In this section, I'd like to speculate about the further future. I'm sure everybody's heard of Moore's law. It was articulated by Gordon Moore of Intel in 1971. He was looking at the number of transistors that they could put on a silicon chip and he was plotting how that number of transistors per chip increased over time.
And he showed in the very early days of silicon chip technology that the transistor count doubled every two years. In the four decades since then, that trend has continued and this graph shows a line fitted to the transistor density of a number of micro-processors that have been developed over that period of time. So Moore's law is all about the number of transistors per chip.
This is an interesting graph from Ray Kurzweil. And what he's plotted here is the number of calculations per second that you can get for a thousand dollars. And he's plotted that against time. And this curve is interesting because it's not linear. In fact, it's exponential.
And what Ray has done is taken a number of data points and plotted them and fitted an exponential to that. Now, what's really interesting about this graph are the horizontal dashed lines which correspond to the computational capability of various life forms.
So he has a horizontal line for an insect brain, a mouse brain, a human brain, and all human brains. Right now, we're about here. And if this graph is correct, it indicates that for a thousand dollars, I could buy the computational equivalent of one mouse brain.
By they year 2030, I should be able to buy a computer for $1000 equivalent to a human brain. The most interesting of all is it by the year 2050, for a thousand dollars, I can buy the computational equivalent of all human brains on the planet.
The year 2050 is not that far away. For many of you, it will be within your working life. So there will be profound implications if we can have this much computational power available for so few dollars.
This graph plots the power density of various microprocessors against their clock frequency. And we can see that over time, we're moving in this direction, we’re moving towards higher and higher power densities and higher and higher clock frequencies.
Down here, we can see the human brain. We see that it has an impressively low power density and it operates at a very, very low clock frequency. We can argue that where we're going with silicon computational technology, we're going in the wrong direction. We're going further and further away from the amazing capability of the human brain.
Now it's possible to simulate the human brain on a supercomputer. Apparently, these simulations run at something like 1/500 of real time. And if we were to scale those up so that they would operate in real time, the computer would be big and require 12 gigawatts of electricity. You could power New York with that much electricity.

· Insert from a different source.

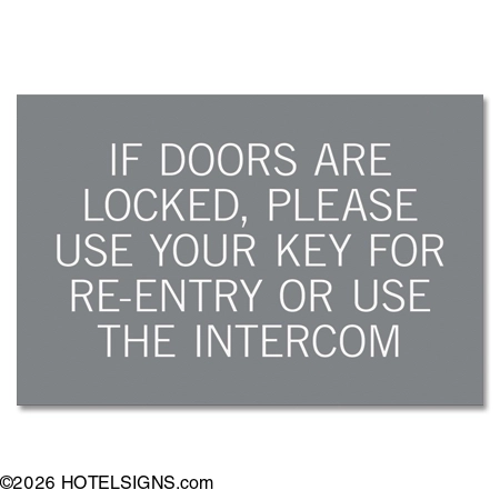- Use to inform guests to use their key or the intercom for re-entry.

So clearly, if we're trying to get human-like intelligence in robots, following this traditional approach is going to require computers that are massive, expensive, and consume phenomenal amounts of electricity. What can we do to get around that?

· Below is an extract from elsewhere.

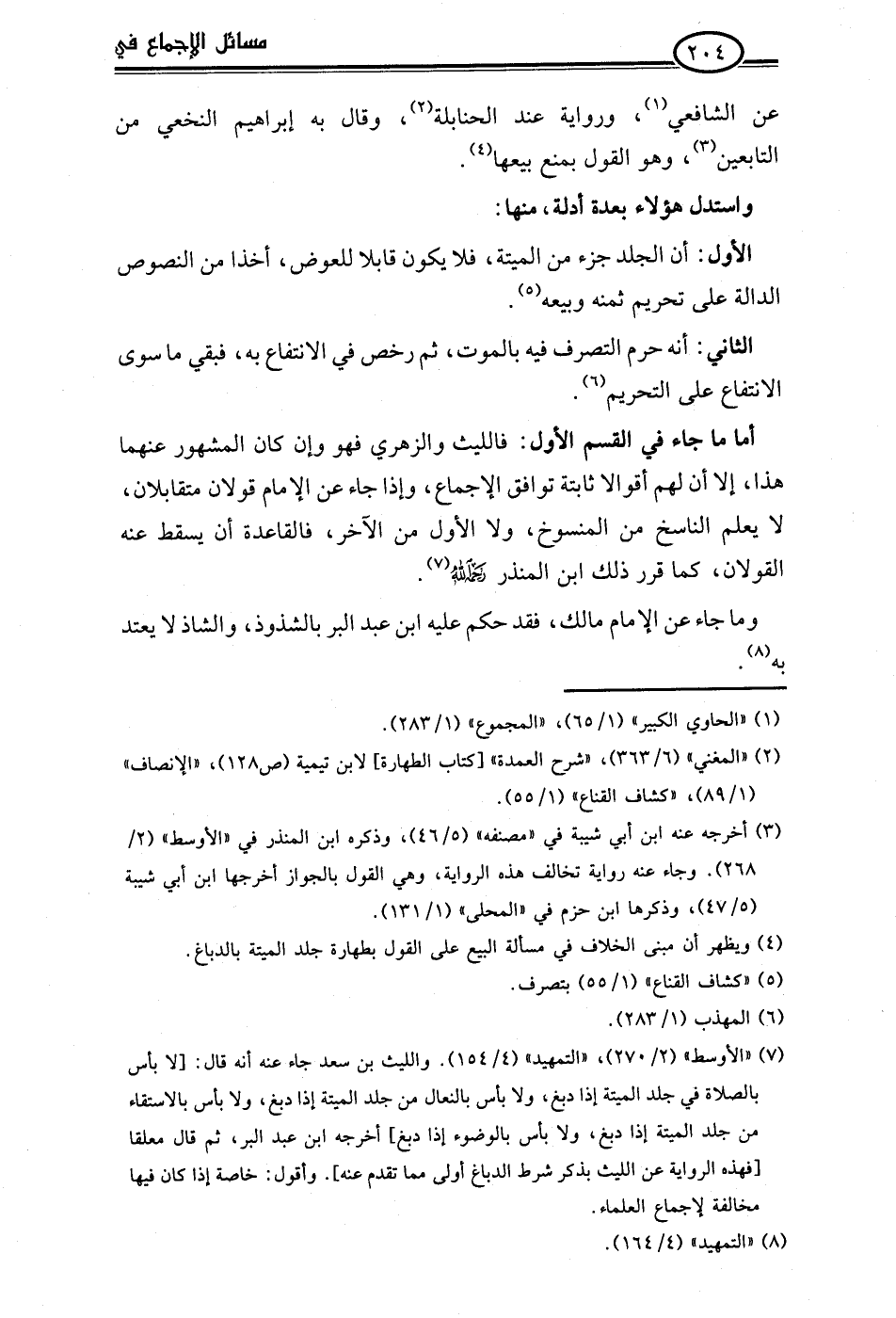 (¬7) "الأوسط" (2/ 270)، "التمهيد" (4/ 154). والليث بن سعد جاء عنه أنه قال: [لا بأس بالصلاة في جلد الميتة إذا دبغ، ولا بأس بالنعال من جلد الميتة إذا دبغ، ولا بأس بالاستقاء من جلد الميتة إذا دبغ، ولا بأس بالوضوء إذا دبغ] أخرجه ابن عبد البر، ثم قال معلقا [فهذه الرواية عن الليث بذكر شرط الدباغ أولى مما تقدم عنه]. وأقول: خاصة إذا كان فيها مخالفة لإجماع العلماء.

Well, some people are looking at different computing architectures, called neuromorphic computing, modeled on the neural-connectionist structure of human brains. So these are like neural networks on steroids and embedded in custom silicon chips. So perhaps, this is the future hardware in which we will create the intelligence that will power future robots.
Following on from this biological approach to computation, learning from nature about the way brains do computation, is to consider the perhaps most important biological sensing invention which is vision.
Vision is an amazing sense shared by almost all creatures on the planet. The sense of vision has evolved multiple times independently and in parallel. And today, there is a vast variety of different sorts of eyes on creatures on the planet.
Here we see just a few of them. We see the pinhole camera eye of a nautilus, the multiple eyes of spider, the compound eyes of an insect, the eyes of a bird, the small reflector-based eyes of a scallop, the eyes of an octopus.
Eyes are everywhere. They are a really important sensing modality for all living creatures and I believe very strongly they’re an important sensing modality for robots. So if you're interested in vision, the sense of vision, and how robots might exploit it, then I invite you to join me in the follow-up MOOC, Robotic Vision, which is coming soon.
So what are the important take-home messages from these six weeks that we've been looking at robots? I think the first message I like you to take home is that robots are real. They're not all like the fictional robots that you read about in books or you see on television and in movie theatres. There are real robots out there doing useful things on the planet today.
These robots are diverse in form and function. They don't look like the humanoid robots we see in fiction. They might look like cars, they might look like tractors or airplanes or submarines, but they are robots because they follow this fundamental paradigm of sensing, planning, and acting so that they can achieve a goal. That's what robots are.
The functionality of robots is improving incredibly rapidly and that's driven by improvements in technology, computational technology, and the ready availability of amazing sensors, inertial sensors, visual sensors, and so on.
But there are some really important non-technical take-home messages here. And in this lecture, we talked a lot about the big challenges that confront all of us as a society and these are problems around population and food and jobs and care for the elderly.
These are massive challenges that our societies face and I really believe that robots are part of the solution to these challenges. But as roboticists, I believe it's important that we think much more widely about the implications of the technology that we are developing.
Yes, I believe robotics really is the answer to many of these challenges but we do need to be aware of the way the technology will be used. We need to understand about the ethics, we need to understand about the sorts of concerns and considerations that general members of the public hold. So it's our responsibility, as roboticists, to employ and deploy this technology wisely.
We speculate about the further future, and how robots may impact upon our civilization.